Pyranocoumarins are rare secondary metabolites of plants that contain a pyran core condensed with coumarin. These substances are distributed widely among the plant families Umbelliferae and Rutaceae. Although pyranocoumarins in the plant are very poorly studied, some studies indicate their protective role against phytopathogenic organisms ^[91][109]. However, pyranocoumarin isolated from the Rutaceae tree (Staurantus perforatus), xanthyletin, has shown significant phytotoxic effect on seed germination and root growth of Amarathus hypochondriacus (Amaranthaceae) ^[92][110]. Among the pyranocoumarins isolated from the roots of Ferulago campestris (Apiaceae), aegelinol and grandivittin have been shown to have cytotoxic properties ^[93][111]. Pyranocoumarin seselin isolated from Clausena anisata (Rutaceae) leaves acts as an antifeedant against Lucilia cuprina larvae ^[94][112].

Bicoumarines have been isolated from plants Triphasia trifolia (Rutaceae) ^[95][113], Dysoxylum parasiticum (Osbeck) Kosterm (Meliaceae) ^[96][114], and Pleurospermum rivulorum (Umbelliferae) ^[97][115]. The best-researched bicoumarin is dicoumarol (Figure 5).

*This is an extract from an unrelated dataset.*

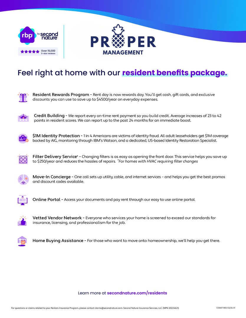 we provide a Resident Benefits Package (RBP) to address common headaches for our residents. Our

Dicumarol is generated by the hydroxylation of the 4-position of the coumarin. This is followed by capturing of a molecule of formaldehyde, and subsequently by condensation with another molecule of 4-hydroxycoumarin. Finally, the enolization of the keto group forms dicumarol ^[50][68]. Dicumarol is discovered as constituent of sweet clover hay that caused the death of cattle due to bleeding disorders. Dicoumarol is an anticoagulant that acts as a vitamin K antagonist ^[98][116]. The dicoumarol, also formed by bacterial fermentation of yellow sweet clover, was isolated for the first time from the decomposed leaves of Melilotus albus (Fabaceae/Leguminosae) ^[50][68].

The presence of natural coumarins in different species of plants and microbes, and their biological effects are summarized in Table 1. It is evident that the diversity and structural complexity of the coumarins constitute is a consequence of higher plant evolution. Simple coumarins are the most common in fungi and all angiosperms. They exhibit a wide range of biological effects related to plant protection from pathogen microbes, fungi, and nematodes. Furanocoumarin is the second most prevalent type of coumarin. Furanocoumarins are found in the family Citrus, Apiaceae, and Rutaceae, with most of them showing nematicidal properties. Pyranocoumarins are present in Apiaceace and Fabaceae, where they exhibit antifungal, phytotoxic, and antifeedant effects. Phenylcoumarins are the most abundant in the plant family Fabaceae, but there is no literature on their functions in plants.